When we spoke to him, it was ahead of his meeting on Jan 13 with officials. At the time, he said he would tell senior party leaders they need to form a provincial halal agency that will act as a role model for all the other 62 provinces and municipalities.
“If we can pull this together, other provinces will be wowed and ask for their own agencies. The whole thing must be institutionalised so that a halal industry can emerge.”
MALAYSIA’S HDC’S VIETNAM HALAL PLAN
While HDC concentrates on opening up new markets in East Asia as part of its five-year strategy, it is also considering redoubling its focus on other parts of Southeast Asia.
“We are exploring either Indonesia or Vietnam, since both carry big potential. If you ask me, these are the green fields of halal,” said Hairol Ariffein Sahari.

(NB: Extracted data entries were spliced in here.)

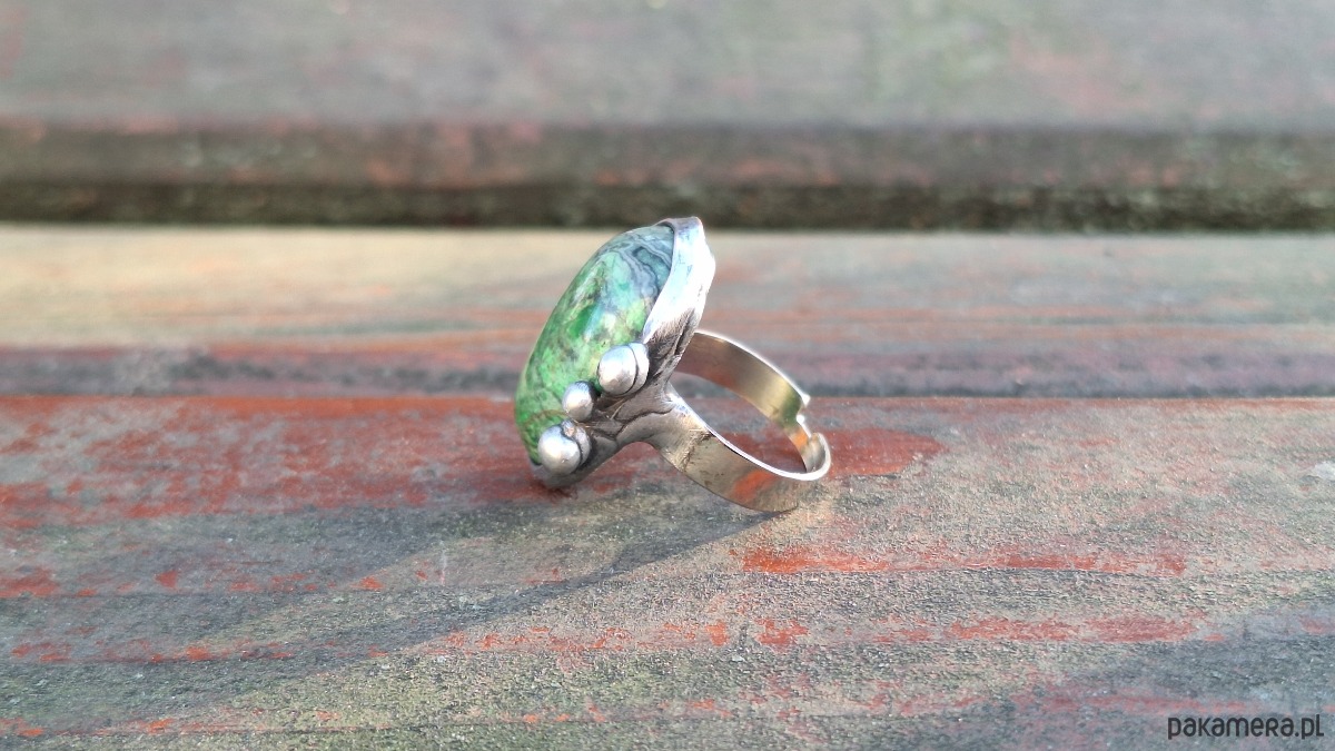 Jaspis na zielono - pierścionek regulowany
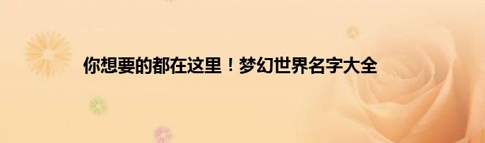 本文你想要的都在这里!梦幻世界名字大全到此分享完毕,希望对大家有所帮助。
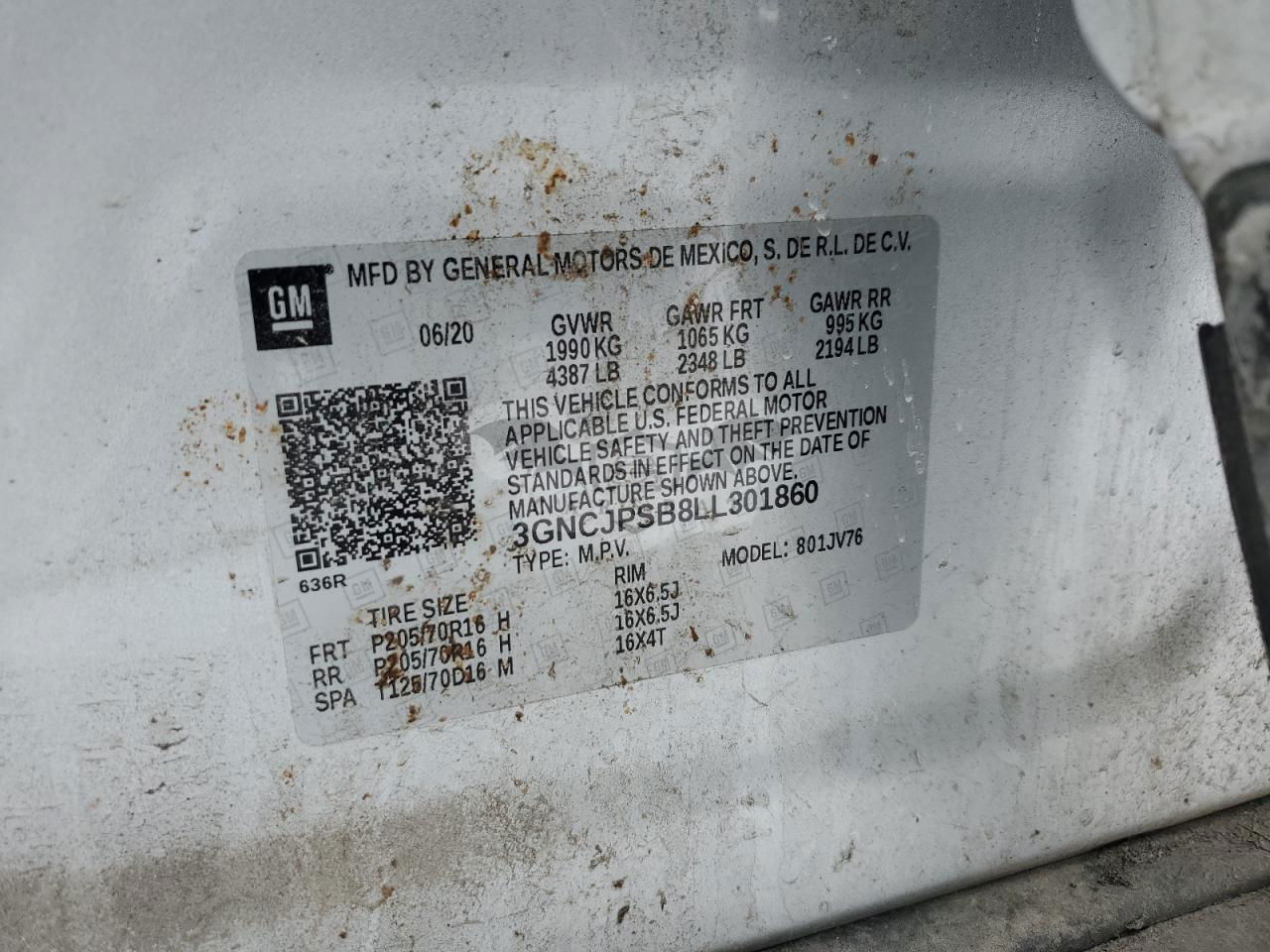 • VIN: 3GNCJPSB8LL301860

Whereas Indonesia is packed with Muslim consumers and a government-backed halal infrastructure, Vietnam would be a completely different proposition with its own challenges.
“Getting people to understand the halal concept there is one big headache, and getting them to understand on how to translate halal into something that can generate an economic impact in terms of trade, investment and employment: that's another level of understanding and challenge for us.”
But halal in a non-Muslim or non-Islamic country in the region where Vietnam sits can be well-organised and profitable, as Thailand has demonstrated.
HDC has a “very big plan” to encourage halal in Vietnam. This would have started with promotional activities in collaboration with MATRADE and the Vietnamese embassy in Malaysia were it not for disruption caused by the pandemic.
“Players in Vietnam need to make sure their F&B production conforms to the highest hygiene standards before they go into the halal space. They must also learn to use halal as a value proposition for them to enter certain specific markets,” said Hairol.
“Later when HDC comes to Vietnam, this is what we are going to do: we are going to help by offering the government there advice in two ways. The first is in the governance of halal, to do with certification, standards and human capital. The second is to assist the government in coming up with their own industry development framework.
“Later, we need to get their industry players to be on board with the platform or system that’s used. Then Malaysia can have a very strong partner in the halal industry.”